Each moment is sharper, almost glowing with significance because it could be the last. And that both hurts and heals me in ways I can’t fully put into words.

This mix of emotions could easily spiral into postpartum depression. And truthfully, I’ve felt it knocking at my door. The exhaustion. The tears. The overwhelming “what ifs.”
But what has grounded me is the same thing that guided me through my first season of healing: slow living.
To not rush through the hard moments.
To breathe deeper in the joyful ones.
To stop trying to do it all and instead focus on being here.
Slow living isn’t about a perfectly aesthetic life. It’s about letting the small moments matter. Holding your baby an extra 10 minutes. Watching your daughter twirl in the living room. Choosing presence over perfection.

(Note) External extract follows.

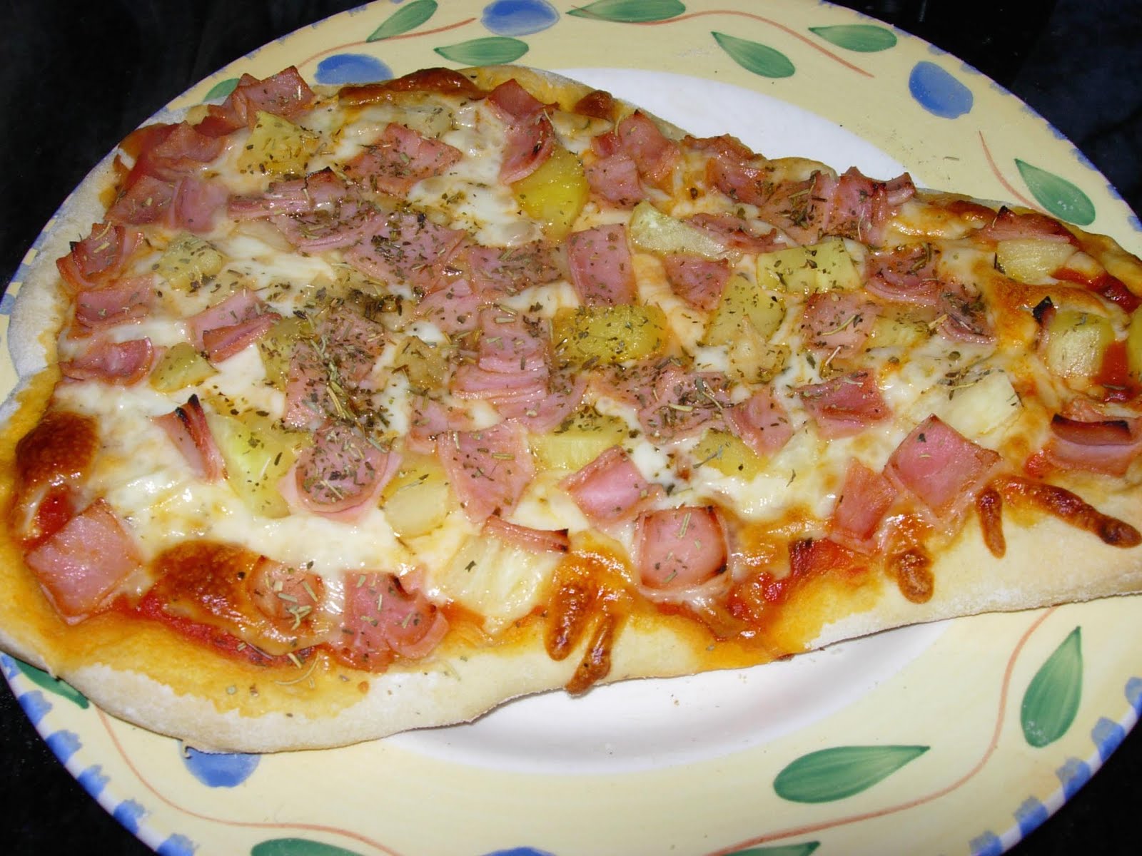 the meat-eater: tomato sauce, mozzarella, ham, pineapple

And in this fragile season of newborn life it’s not just helpful, it’s essential.
The truth? We don’t all have the same 24 hours in a day.

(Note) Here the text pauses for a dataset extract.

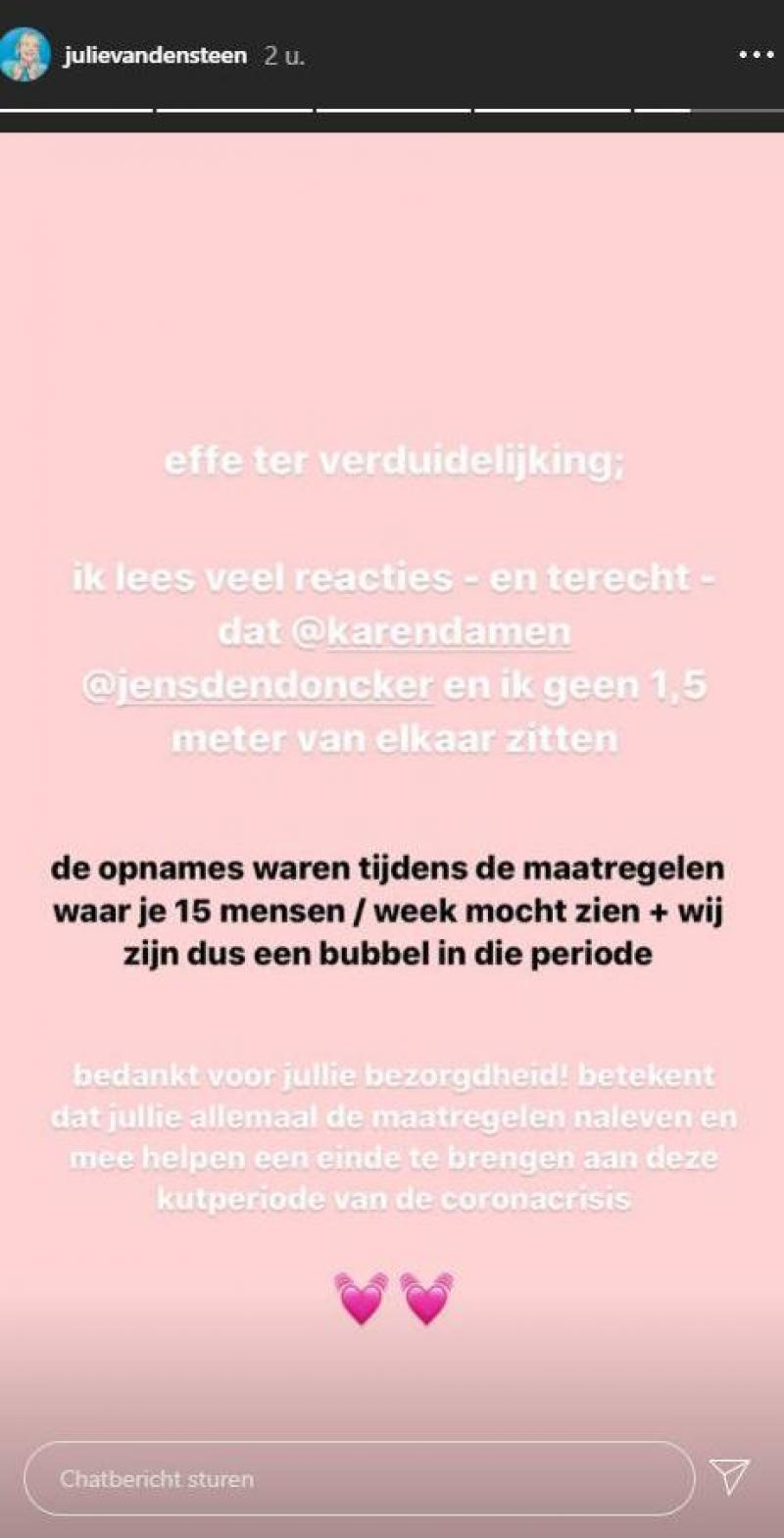 De 28-jarige presentatrice maakt op Instagram duidelijk dat de opnames al dateren van een tijdje geleden toen er nog veel meer mocht. Even ter verduidelijking: ik lees veel reacties en terecht dat Karen Damen, Jens Dendoncker en ik geen anderhalve meter van elkaar zitten. De opnames waren tijdens de maatregelen waarbij je 15 mensen per week mocht zien. Wij vormden overigens een bubbel in die periode. Bedankt voor jullie bezorgdheid! Dat betekent dat jullie allemaal de maatregelen naleven en mee helpen om een einde te brengen aan deze moeilijke periode van de coronacrisis, klinkt het.

Moms have hours broken into pieces: nap schedules, snack times, messes to clean, meltdowns to soothe. My hours aren’t whole, but they are holy.
That’s why I created my Romanticizing Motherhood guide. It’s a way to reclaim even a few moments each morning. Not for productivity, but for presence. It helps reset my nervous system, balance my hormones, and start the day feeling like me, not just “mama.”

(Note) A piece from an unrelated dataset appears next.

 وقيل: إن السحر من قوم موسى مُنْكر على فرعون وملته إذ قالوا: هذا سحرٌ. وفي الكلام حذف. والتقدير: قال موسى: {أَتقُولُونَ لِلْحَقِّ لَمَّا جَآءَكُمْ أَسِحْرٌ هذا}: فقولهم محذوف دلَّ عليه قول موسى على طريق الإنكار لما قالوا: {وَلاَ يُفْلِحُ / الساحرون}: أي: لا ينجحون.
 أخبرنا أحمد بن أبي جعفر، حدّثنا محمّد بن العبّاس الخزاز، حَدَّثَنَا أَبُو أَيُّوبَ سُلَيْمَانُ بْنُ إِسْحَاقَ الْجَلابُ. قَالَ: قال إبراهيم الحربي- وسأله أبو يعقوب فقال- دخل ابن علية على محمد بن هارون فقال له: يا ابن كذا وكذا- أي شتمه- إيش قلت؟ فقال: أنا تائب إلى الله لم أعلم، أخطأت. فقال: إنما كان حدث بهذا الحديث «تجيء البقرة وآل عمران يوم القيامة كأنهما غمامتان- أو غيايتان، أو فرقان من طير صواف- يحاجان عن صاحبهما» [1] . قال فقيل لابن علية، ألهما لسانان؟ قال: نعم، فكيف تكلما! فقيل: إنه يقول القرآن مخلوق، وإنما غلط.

And when I need more guidance, I lean into my Savoring Simplicity Guide. Inside are practices and rhythms I’ve carried through every stage. From the postpartum fog, to toddler chaos, to finding myself again. These aren’t just “nice ideas.” They’re lifelines that work in the thick of it all.
I don’t want to wish away these days, even when they’re exhausting. I want to live them fully.
Because one day, sooner than I’d like, I’ll miss this exact season: the newborn cries, the tiny feet running across the floor, the sticky fingers reaching for me.
So instead of rushing through, I’m choosing to slow down. To savor. To notice.
Motherhood will always be a blend of grief and gratitude. Grieving the fast pace of time, while being grateful for the here and now.
And if I can hold onto anything in this season, let it be this: that I was present.
That I lived it. That I loved it, fully.